Years later, after Jobs left Apple, he acknowledged Lisa and attempted to reconcile with her. Chrisann Brennan wrote that "he apologized many times over for his behavior" to her and Lisa and "said that he never took responsibility when he should have, and that he was sorry". After reconciling, nine-year-old Lisa wanted to change her last name, and Jobs was happy and relieved to agree to it. Jobs legally altered her birth certificate, changing her name from Lisa Brennan to Lisa Brennan-Jobs. Brennan credits the change in Jobs to the influence of Brennan-Jobs' newly found biological aunt, author Mona Simpson, who worked to repair the relationship between Brennan-Jobs and her father.

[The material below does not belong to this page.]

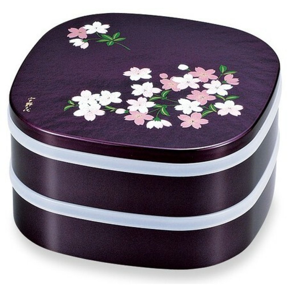 日式櫻花雙層傳統新年盒 (紫色) (日本製)

Despite the reconciliation between Jobs and Lisa their relationship remained difficult. In her autobiography, Lisa recounted many episodes of Jobs failing to be an appropriate parent. He remained mostly distant, cold and made her feel unwanted, and initially refused to pay her college fees. According to Fortune magazine, in his will, Jobs left Lisa a multi-million dollar inheritance.

==Education and career==
When Brennan-Jobs was living with her mother, she attended The Nueva School and Lick Wilmerding High School. Later, after she had moved in with her father, she attended Palo Alto High School. She enrolled at Harvard University in 1996 and studied overseas for one year at King's College London. While a student at Harvard, she wrote for The Harvard Crimson. She graduated in 2000 and subsequently moved to Manhattan to work as a writer. She has written for The Southwest Review, The Massachusetts Review, The Harvard Advocate, Spiked, Vogue, and O, The Oprah Magazine.

==Publications==

In 2018, Brennan-Jobs published Small Fry, a memoir detailing her childhood and the complex and sometimes difficult relationship she had with her father.

==In media==
Brennan-Jobs has been portrayed in several biographies of her father, including Walter Isaacson's 2011 authorized biography Steve Jobs. Mona Simpson's 1996 novel A Regular Guy is a fictionalized account based on the story of Brennan-Jobs and her parents. She has been depicted in three biopic films: Brooke Radding portrayed her in the 1999 TNT TV film Pirates of Silicon Valley, while she is played as a child by Ava Acres, and as an adult by Annika Bertea, in the 2013 film Jobs. In the 2015 film Steve Jobs, directed by Danny Boyle, Brennan-Jobs is portrayed at different ages by Perla Haney-Jardine, Ripley Sobo, and Makenzie Moss. Steve Jobs screenwriter Aaron Sorkin said that he discussed the screenplay with Brennan-Jobs in advance and that she is the "heroine of the film".

==Personal life==
Brennan-Jobs resides in Brooklyn, New York City, with her husband, Bill, and their son.